Writing in National Review, former Bush and Trump adviser John Bolton defends the decision to topple Saddam Hussein's regime and expresses regret for only one aspect of the decadeslong debacle: that America didn't use the opportunity to destabilize Iran too. Having already invaded Afghanistan and Iraq, Bolton writes, the Bush administration should have tried to go three-for-three and "seek regime change in between, in Iran, before Tehran's own WMD programs neared success."
"Unfortunately," he concludes, "as was the case after expelling Saddam from Kuwait in 1991, the United States stopped too soon."

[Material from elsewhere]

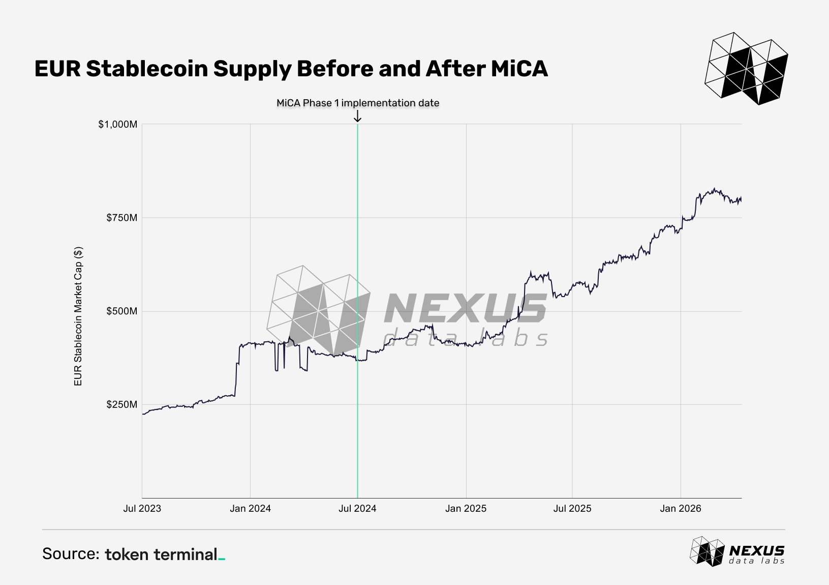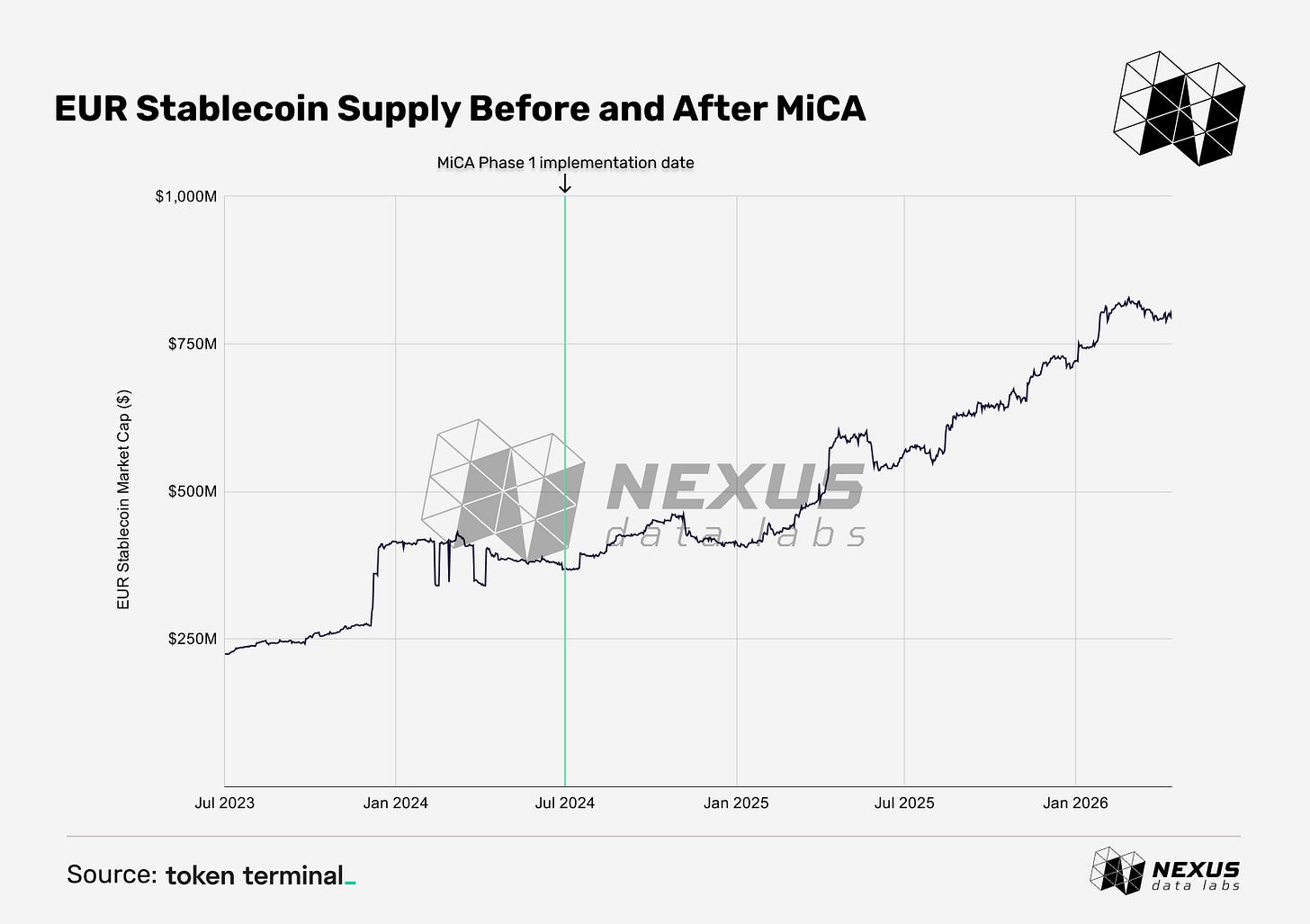 Circle’s EURC became the first MiCA-licensed euro stablecoin in July 2024. Post-MiCA, EURC volumes increased 1,139% and Societe Generale’s EURCV volumes rose 343%. Building on that momentum, a consortium of 12 European banks, including ING, UniCredit, BNP Paribas, and BBVA, formed Qivalis to launch a MiCA-compliant euro stablecoin in H2 2026.

It takes a special kind of hubris and a serious shortage of respect for the lives of other human beings to sit here, in the year 2023, and argue that the real problem with America's post-9/11 wars is that they didn't go far enough. The war in Iraq was a humanitarian and strategic disaster for the United States. It was "one of the most grievous errors in superpower history," as Brian Doherty wrote in the March issue of Reason. "Mendacious in its beginnings, incompetent in its aftermath, and downright criminal in the death and civilizational wreckage it caused, the Iraq War was a catastrophe America has not yet properly reckoned with."
If Bolton has his way, we never will.
Still, the idea that Iraq could have been used to launch a regime-change effort in Iran is possibly only the second most unhinged argument in Bolton's National Review column. He also hand-waves away any responsibility that America ought to bear for the violence and disorder in post-invasion Iraq.
The failure of the United States to prop up a functional and democratic government in Baghdad, Bolton argues, "is separable, conceptually and functionally, from the invasion decision. The subsequent history, for good or ill, cannot detract from the logic, fundamental necessity, and success of overthrowing Saddam, a threat to American national security since he invaded Kuwait in 1990."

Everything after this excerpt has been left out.